There are some reasons for dismissal that are automatically unfair and entitle the employee to bring an unfair dismissal action. A dismissal in which the employee exercised, or tried to exercise, their statutory rights qualifies as an automatically unfair dismissal. This would include an employee’s right to maternity leave.
This was the case for Rebecca Raven, an art teacher who was dismissed after requesting maternity leave. The school claimed that Raven’s dismissal was by way of redundancy. However, a tribunal found in Raven’s favour.
In his ruling, Judge Thompson said, “…the reason for the dismissal in this case was the claimant’s pregnancy/maternity leave and as such was automatically unfair, contrary to the Employment Rights Act 1996.”
Aside from cases in which the reason for dismissal is automatically unfair (in which an employee can make a claim for unfair dismissal regardless of the length of time they have been employed), in normal circumstances an employee can only instigate unfair dismissal proceedings if they have at least one year’s continuous service under their belt (two years’ service if they started work on or after 6 April 2012).

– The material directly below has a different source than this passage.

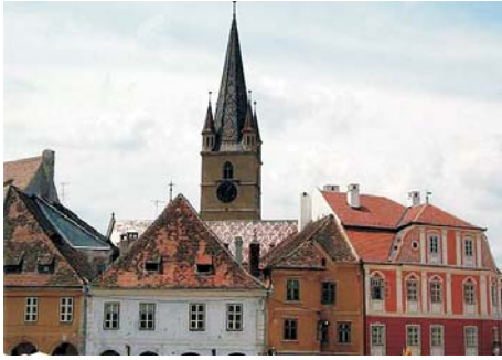
Fig. 4. Piata Mica o Plaza Pequeña. Al fondo la torre de la iglesia Evangélica.

de se estableció la primera alcaldía de la ciudad, el cuál se encuentra junto a la torre del Consejo . Debajo de ésta se hay dos túneles que unen esta plaza con Piața Mica o Pequeña .
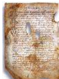
Псковская судная грамота

Двинская уставная грамота 1397 года. Мздоимство упоминается в русских летописях XIV века, например в Двинской уставной грамоте 1397 года в статье 6: «А самосуда четыре рубли, а самосуд то: кто изыснав татя с поличным, да отпустит, а себе посул возьмет, а наместники доведаются по заповеди, ино то самосуд, а опричь того самосуда нет». Там же, в статье 8: «...а черес поруку не ковати, а посула в железех не просити; а что в железех посул, то не в посул».

In either circumstance, an employee must bring an unfair dismissal action within three months of being dismissed. Compensation, or ‘damages’, is intended to restore the employee to their financial position before dismissal. Damages are calculated on the basis of loss of earnings and are limited to £72,300 for events occurring on or after 1 February 2012.
Crucially, unfair dismissal requires a dismissed employee to be just that – an employee – rather than a self-employed individual. Nadine Quashie, a former lap dancer, was granted the right to sue Stringfellows – the celebrity strip club that dismissed her – after an appeal tribunal found that she was technically an employee.
“This serves as a potent reminder to all businesses that it is not the label given to the employment that matters, but what actually happens in practice,” said Jo Keddie, a partner at Winckworth Sherwood. “If the reality of the relationship, as in this case, is found to be one of employment, then the business will be exposed to a raft of legal obligations…most importantly, taking care in how the relationship is ended.”
There are certain situations in which an employee feels compelled to resign from their job due to their employer’s conduct. This too is a form of dismissal, known as constructive dismissal.
An employee leaving their place of work under these circumstances must prove that their employer has committed a serious breach of the employment contract, which caused them to leave their job and they have not acted in any way that could be interpreted as having accepted the breach.
Stella English, series six winner of the popular reality television show, The Apprentice, is so unhappy with the treatment she received from Lord Sugar – the UK’s self-proclaimed “most belligerent boss” – that she is bringing legal proceedings against him for constructive dismissal.
English asserts that, contrary to claims made on The Apprentice, the winner would secure a job working directly for Lord Sugar, but she was placed in a company that he did not run, where she had no defined role and had next to no contact with him.
English describes her former role as one she would not have applied for “in a million years” had it been advertised. She claims that, not only was she over-qualified for the role, but she had to report to a manager who was more junior than herself. According to English this experience, coupled with employees who were advised not to follow her instructions, forced her to resign from her £100,000-a-year job. Lord Sugar denies the claims and the case is still pending.